::: Records shown

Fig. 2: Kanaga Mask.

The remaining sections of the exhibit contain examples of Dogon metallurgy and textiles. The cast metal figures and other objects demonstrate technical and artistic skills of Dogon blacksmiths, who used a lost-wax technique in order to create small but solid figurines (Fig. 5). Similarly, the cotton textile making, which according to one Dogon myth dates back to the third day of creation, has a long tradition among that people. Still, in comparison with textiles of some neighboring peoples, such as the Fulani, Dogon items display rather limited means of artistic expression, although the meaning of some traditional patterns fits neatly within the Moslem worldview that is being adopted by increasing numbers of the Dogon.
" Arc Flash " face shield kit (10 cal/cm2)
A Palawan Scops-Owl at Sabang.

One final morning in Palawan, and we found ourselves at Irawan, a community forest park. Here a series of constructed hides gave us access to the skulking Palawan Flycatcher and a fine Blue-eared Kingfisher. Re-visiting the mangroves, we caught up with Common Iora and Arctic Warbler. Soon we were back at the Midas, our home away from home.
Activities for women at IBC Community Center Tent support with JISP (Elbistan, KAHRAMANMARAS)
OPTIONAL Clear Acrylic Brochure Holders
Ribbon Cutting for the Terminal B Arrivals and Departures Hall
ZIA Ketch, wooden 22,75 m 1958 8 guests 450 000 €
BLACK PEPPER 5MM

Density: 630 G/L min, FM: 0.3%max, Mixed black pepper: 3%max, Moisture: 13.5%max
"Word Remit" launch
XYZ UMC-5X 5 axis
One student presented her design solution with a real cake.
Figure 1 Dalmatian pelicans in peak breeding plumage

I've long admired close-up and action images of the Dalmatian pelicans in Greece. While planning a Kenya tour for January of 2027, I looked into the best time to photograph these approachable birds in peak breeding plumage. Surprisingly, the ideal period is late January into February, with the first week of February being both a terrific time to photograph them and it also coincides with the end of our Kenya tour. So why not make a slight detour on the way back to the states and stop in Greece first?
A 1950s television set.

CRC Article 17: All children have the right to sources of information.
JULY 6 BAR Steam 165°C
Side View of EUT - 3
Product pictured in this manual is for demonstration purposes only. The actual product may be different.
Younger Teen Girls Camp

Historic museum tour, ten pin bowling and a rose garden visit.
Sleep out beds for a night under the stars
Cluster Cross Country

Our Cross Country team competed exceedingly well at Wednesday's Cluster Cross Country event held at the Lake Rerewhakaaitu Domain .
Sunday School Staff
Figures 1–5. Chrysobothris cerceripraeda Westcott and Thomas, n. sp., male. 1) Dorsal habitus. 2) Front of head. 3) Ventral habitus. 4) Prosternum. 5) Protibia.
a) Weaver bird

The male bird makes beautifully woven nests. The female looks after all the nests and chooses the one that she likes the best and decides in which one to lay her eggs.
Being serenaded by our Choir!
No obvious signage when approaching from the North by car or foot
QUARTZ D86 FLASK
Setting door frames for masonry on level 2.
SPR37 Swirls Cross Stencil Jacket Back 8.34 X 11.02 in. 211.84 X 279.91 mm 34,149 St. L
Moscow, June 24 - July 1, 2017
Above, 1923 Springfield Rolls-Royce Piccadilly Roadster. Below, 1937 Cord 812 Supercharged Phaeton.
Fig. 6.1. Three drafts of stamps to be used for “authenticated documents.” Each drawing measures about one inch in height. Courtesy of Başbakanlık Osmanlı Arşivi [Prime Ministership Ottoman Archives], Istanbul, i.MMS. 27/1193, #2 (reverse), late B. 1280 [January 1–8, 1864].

::::::

Output the listing above word for word, from the opening line through the line that contains "A Palawan Scops-Owl at Sabang.", and leave out everything after it.

* _Exercise response_
Fig. 2: Kanaga Mask.

The remaining sections of the exhibit contain examples of Dogon metallurgy and textiles. The cast metal figures and other objects demonstrate technical and artistic skills of Dogon blacksmiths, who used a lost-wax technique in order to create small but solid figurines (Fig. 5). Similarly, the cotton textile making, which according to one Dogon myth dates back to the third day of creation, has a long tradition among that people. Still, in comparison with textiles of some neighboring peoples, such as the Fulani, Dogon items display rather limited means of artistic expression, although the meaning of some traditional patterns fits neatly within the Moslem worldview that is being adopted by increasing numbers of the Dogon.
" Arc Flash " face shield kit (10 cal/cm2)
A Palawan Scops-Owl at Sabang.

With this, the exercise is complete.